Exercise goal
Write out all the data again, exactly.

Records for this exercise
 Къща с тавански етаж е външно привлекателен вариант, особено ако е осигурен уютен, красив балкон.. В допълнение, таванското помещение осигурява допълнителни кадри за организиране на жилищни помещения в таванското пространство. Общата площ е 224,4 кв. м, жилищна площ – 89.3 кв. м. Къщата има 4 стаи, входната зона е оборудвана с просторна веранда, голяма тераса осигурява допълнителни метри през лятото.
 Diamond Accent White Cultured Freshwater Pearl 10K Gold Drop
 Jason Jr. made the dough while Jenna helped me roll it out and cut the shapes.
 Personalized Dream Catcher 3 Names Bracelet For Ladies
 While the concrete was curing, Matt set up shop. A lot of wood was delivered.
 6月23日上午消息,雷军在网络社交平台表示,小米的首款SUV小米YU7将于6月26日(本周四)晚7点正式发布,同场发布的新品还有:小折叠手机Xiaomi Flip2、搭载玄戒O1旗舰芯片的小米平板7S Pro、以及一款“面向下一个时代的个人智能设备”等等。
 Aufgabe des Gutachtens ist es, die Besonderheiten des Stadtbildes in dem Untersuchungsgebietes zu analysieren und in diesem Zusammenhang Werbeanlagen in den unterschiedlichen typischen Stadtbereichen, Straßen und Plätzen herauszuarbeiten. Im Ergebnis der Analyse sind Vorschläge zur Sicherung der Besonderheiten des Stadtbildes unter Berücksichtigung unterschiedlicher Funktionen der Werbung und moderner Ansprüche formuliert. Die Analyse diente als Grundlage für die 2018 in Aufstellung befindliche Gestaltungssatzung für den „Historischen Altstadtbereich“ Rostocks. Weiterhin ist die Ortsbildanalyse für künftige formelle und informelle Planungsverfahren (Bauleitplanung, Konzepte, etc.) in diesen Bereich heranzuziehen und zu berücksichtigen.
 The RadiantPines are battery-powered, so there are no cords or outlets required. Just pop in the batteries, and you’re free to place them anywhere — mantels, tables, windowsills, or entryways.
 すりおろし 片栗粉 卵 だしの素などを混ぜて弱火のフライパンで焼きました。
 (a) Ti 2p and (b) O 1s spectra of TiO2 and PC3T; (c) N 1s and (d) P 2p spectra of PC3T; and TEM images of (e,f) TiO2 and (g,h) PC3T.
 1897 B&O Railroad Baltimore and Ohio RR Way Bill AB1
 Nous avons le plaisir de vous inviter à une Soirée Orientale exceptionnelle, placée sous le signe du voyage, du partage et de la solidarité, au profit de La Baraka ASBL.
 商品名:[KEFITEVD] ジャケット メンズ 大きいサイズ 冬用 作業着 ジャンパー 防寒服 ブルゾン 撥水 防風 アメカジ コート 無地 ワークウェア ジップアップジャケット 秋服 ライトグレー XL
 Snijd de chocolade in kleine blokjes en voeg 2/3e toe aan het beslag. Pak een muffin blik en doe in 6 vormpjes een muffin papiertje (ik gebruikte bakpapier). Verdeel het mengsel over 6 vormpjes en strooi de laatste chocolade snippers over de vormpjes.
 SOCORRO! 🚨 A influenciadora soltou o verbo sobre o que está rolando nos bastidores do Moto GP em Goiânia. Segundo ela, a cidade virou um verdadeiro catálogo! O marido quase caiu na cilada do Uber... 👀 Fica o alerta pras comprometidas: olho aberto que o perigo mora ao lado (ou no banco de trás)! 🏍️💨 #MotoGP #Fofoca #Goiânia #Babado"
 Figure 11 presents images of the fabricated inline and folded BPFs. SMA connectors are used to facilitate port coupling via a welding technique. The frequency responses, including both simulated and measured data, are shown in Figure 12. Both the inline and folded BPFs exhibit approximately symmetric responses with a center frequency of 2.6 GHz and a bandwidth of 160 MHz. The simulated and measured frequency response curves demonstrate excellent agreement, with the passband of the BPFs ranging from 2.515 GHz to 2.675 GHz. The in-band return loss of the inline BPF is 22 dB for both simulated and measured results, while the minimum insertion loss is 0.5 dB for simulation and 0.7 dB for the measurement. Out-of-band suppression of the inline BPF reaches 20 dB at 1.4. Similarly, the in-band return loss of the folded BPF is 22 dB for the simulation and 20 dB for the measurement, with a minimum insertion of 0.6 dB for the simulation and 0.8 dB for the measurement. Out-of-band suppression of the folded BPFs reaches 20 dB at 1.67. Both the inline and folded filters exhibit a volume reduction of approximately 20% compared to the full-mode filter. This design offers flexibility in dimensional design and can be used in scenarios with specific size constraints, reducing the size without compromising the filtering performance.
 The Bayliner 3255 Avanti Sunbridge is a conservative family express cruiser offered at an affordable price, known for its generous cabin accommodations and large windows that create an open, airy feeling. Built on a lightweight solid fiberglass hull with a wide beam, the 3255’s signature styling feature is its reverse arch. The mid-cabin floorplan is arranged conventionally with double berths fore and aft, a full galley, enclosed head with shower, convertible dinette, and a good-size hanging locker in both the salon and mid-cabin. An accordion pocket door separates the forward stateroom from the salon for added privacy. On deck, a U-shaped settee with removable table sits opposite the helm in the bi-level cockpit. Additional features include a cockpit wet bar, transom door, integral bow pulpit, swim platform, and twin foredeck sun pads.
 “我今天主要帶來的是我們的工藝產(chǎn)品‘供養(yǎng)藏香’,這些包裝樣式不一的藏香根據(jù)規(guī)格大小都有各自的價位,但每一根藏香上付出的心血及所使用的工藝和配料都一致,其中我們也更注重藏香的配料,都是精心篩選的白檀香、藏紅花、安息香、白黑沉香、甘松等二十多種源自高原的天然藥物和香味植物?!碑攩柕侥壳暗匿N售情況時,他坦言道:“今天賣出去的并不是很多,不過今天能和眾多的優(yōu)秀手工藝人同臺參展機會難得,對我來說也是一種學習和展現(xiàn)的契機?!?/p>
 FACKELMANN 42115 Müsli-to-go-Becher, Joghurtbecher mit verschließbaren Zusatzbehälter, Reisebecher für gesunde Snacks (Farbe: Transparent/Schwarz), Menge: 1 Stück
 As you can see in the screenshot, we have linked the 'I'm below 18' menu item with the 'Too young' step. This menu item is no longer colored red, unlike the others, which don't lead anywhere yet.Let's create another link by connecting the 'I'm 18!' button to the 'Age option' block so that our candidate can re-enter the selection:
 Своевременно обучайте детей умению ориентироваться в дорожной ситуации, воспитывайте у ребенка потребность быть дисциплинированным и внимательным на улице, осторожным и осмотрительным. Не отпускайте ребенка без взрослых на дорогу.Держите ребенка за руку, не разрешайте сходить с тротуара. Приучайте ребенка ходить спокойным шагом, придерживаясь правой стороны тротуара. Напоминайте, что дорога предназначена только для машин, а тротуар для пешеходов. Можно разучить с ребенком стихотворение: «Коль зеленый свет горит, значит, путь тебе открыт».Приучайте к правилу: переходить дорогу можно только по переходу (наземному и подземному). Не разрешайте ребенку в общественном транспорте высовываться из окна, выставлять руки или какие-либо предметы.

Output for this exercise
 Къща с тавански етаж е външно привлекателен вариант, особено ако е осигурен уютен, красив балкон.. В допълнение, таванското помещение осигурява допълнителни кадри за организиране на жилищни помещения в таванското пространство. Общата площ е 224,4 кв. м, жилищна площ – 89.3 кв. м. Къщата има 4 стаи, входната зона е оборудвана с просторна веранда, голяма тераса осигурява допълнителни метри през лятото.
 Diamond Accent White Cultured Freshwater Pearl 10K Gold Drop
 Jason Jr. made the dough while Jenna helped me roll it out and cut the shapes.
 Personalized Dream Catcher 3 Names Bracelet For Ladies
 While the concrete was curing, Matt set up shop. A lot of wood was delivered.
 6月23日上午消息,雷军在网络社交平台表示,小米的首款SUV小米YU7将于6月26日(本周四)晚7点正式发布,同场发布的新品还有:小折叠手机Xiaomi Flip2、搭载玄戒O1旗舰芯片的小米平板7S Pro、以及一款“面向下一个时代的个人智能设备”等等。
 Aufgabe des Gutachtens ist es, die Besonderheiten des Stadtbildes in dem Untersuchungsgebietes zu analysieren und in diesem Zusammenhang Werbeanlagen in den unterschiedlichen typischen Stadtbereichen, Straßen und Plätzen herauszuarbeiten. Im Ergebnis der Analyse sind Vorschläge zur Sicherung der Besonderheiten des Stadtbildes unter Berücksichtigung unterschiedlicher Funktionen der Werbung und moderner Ansprüche formuliert. Die Analyse diente als Grundlage für die 2018 in Aufstellung befindliche Gestaltungssatzung für den „Historischen Altstadtbereich“ Rostocks. Weiterhin ist die Ortsbildanalyse für künftige formelle und informelle Planungsverfahren (Bauleitplanung, Konzepte, etc.) in diesen Bereich heranzuziehen und zu berücksichtigen.
 The RadiantPines are battery-powered, so there are no cords or outlets required. Just pop in the batteries, and you’re free to place them anywhere — mantels, tables, windowsills, or entryways.
 すりおろし 片栗粉 卵 だしの素などを混ぜて弱火のフライパンで焼きました。
 (a) Ti 2p and (b) O 1s spectra of TiO2 and PC3T; (c) N 1s and (d) P 2p spectra of PC3T; and TEM images of (e,f) TiO2 and (g,h) PC3T.
 1897 B&O Railroad Baltimore and Ohio RR Way Bill AB1
 Nous avons le plaisir de vous inviter à une Soirée Orientale exceptionnelle, placée sous le signe du voyage, du partage et de la solidarité, au profit de La Baraka ASBL.
 商品名:[KEFITEVD] ジャケット メンズ 大きいサイズ 冬用 作業着 ジャンパー 防寒服 ブルゾン 撥水 防風 アメカジ コート 無地 ワークウェア ジップアップジャケット 秋服 ライトグレー XL
 Snijd de chocolade in kleine blokjes en voeg 2/3e toe aan het beslag. Pak een muffin blik en doe in 6 vormpjes een muffin papiertje (ik gebruikte bakpapier). Verdeel het mengsel over 6 vormpjes en strooi de laatste chocolade snippers over de vormpjes.
 SOCORRO! 🚨 A influenciadora soltou o verbo sobre o que está rolando nos bastidores do Moto GP em Goiânia. Segundo ela, a cidade virou um verdadeiro catálogo! O marido quase caiu na cilada do Uber... 👀 Fica o alerta pras comprometidas: olho aberto que o perigo mora ao lado (ou no banco de trás)! 🏍️💨 #MotoGP #Fofoca #Goiânia #Babado"
 Figure 11 presents images of the fabricated inline and folded BPFs. SMA connectors are used to facilitate port coupling via a welding technique. The frequency responses, including both simulated and measured data, are shown in Figure 12. Both the inline and folded BPFs exhibit approximately symmetric responses with a center frequency of 2.6 GHz and a bandwidth of 160 MHz. The simulated and measured frequency response curves demonstrate excellent agreement, with the passband of the BPFs ranging from 2.515 GHz to 2.675 GHz. The in-band return loss of the inline BPF is 22 dB for both simulated and measured results, while the minimum insertion loss is 0.5 dB for simulation and 0.7 dB for the measurement. Out-of-band suppression of the inline BPF reaches 20 dB at 1.4. Similarly, the in-band return loss of the folded BPF is 22 dB for the simulation and 20 dB for the measurement, with a minimum insertion of 0.6 dB for the simulation and 0.8 dB for the measurement. Out-of-band suppression of the folded BPFs reaches 20 dB at 1.67. Both the inline and folded filters exhibit a volume reduction of approximately 20% compared to the full-mode filter. This design offers flexibility in dimensional design and can be used in scenarios with specific size constraints, reducing the size without compromising the filtering performance.
 The Bayliner 3255 Avanti Sunbridge is a conservative family express cruiser offered at an affordable price, known for its generous cabin accommodations and large windows that create an open, airy feeling. Built on a lightweight solid fiberglass hull with a wide beam, the 3255’s signature styling feature is its reverse arch. The mid-cabin floorplan is arranged conventionally with double berths fore and aft, a full galley, enclosed head with shower, convertible dinette, and a good-size hanging locker in both the salon and mid-cabin. An accordion pocket door separates the forward stateroom from the salon for added privacy. On deck, a U-shaped settee with removable table sits opposite the helm in the bi-level cockpit. Additional features include a cockpit wet bar, transom door, integral bow pulpit, swim platform, and twin foredeck sun pads.
 “我今天主要帶來的是我們的工藝產(chǎn)品‘供養(yǎng)藏香’,這些包裝樣式不一的藏香根據(jù)規(guī)格大小都有各自的價位,但每一根藏香上付出的心血及所使用的工藝和配料都一致,其中我們也更注重藏香的配料,都是精心篩選的白檀香、藏紅花、安息香、白黑沉香、甘松等二十多種源自高原的天然藥物和香味植物?!碑攩柕侥壳暗匿N售情況時,他坦言道:“今天賣出去的并不是很多,不過今天能和眾多的優(yōu)秀手工藝人同臺參展機會難得,對我來說也是一種學習和展現(xiàn)的契機?!?/p>
 FACKELMANN 42115 Müsli-to-go-Becher, Joghurtbecher mit verschließbaren Zusatzbehälter, Reisebecher für gesunde Snacks (Farbe: Transparent/Schwarz), Menge: 1 Stück
 As you can see in the screenshot, we have linked the 'I'm below 18' menu item with the 'Too young' step. This menu item is no longer colored red, unlike the others, which don't lead anywhere yet.Let's create another link by connecting the 'I'm 18!' button to the 'Age option' block so that our candidate can re-enter the selection:
 Своевременно обучайте детей умению ориентироваться в дорожной ситуации, воспитывайте у ребенка потребность быть дисциплинированным и внимательным на улице, осторожным и осмотрительным. Не отпускайте ребенка без взрослых на дорогу.Держите ребенка за руку, не разрешайте сходить с тротуара. Приучайте ребенка ходить спокойным шагом, придерживаясь правой стороны тротуара. Напоминайте, что дорога предназначена только для машин, а тротуар для пешеходов. Можно разучить с ребенком стихотворение: «Коль зеленый свет горит, значит, путь тебе открыт».Приучайте к правилу: переходить дорогу можно только по переходу (наземному и подземному). Не разрешайте ребенку в общественном транспорте высовываться из окна, выставлять руки или какие-либо предметы.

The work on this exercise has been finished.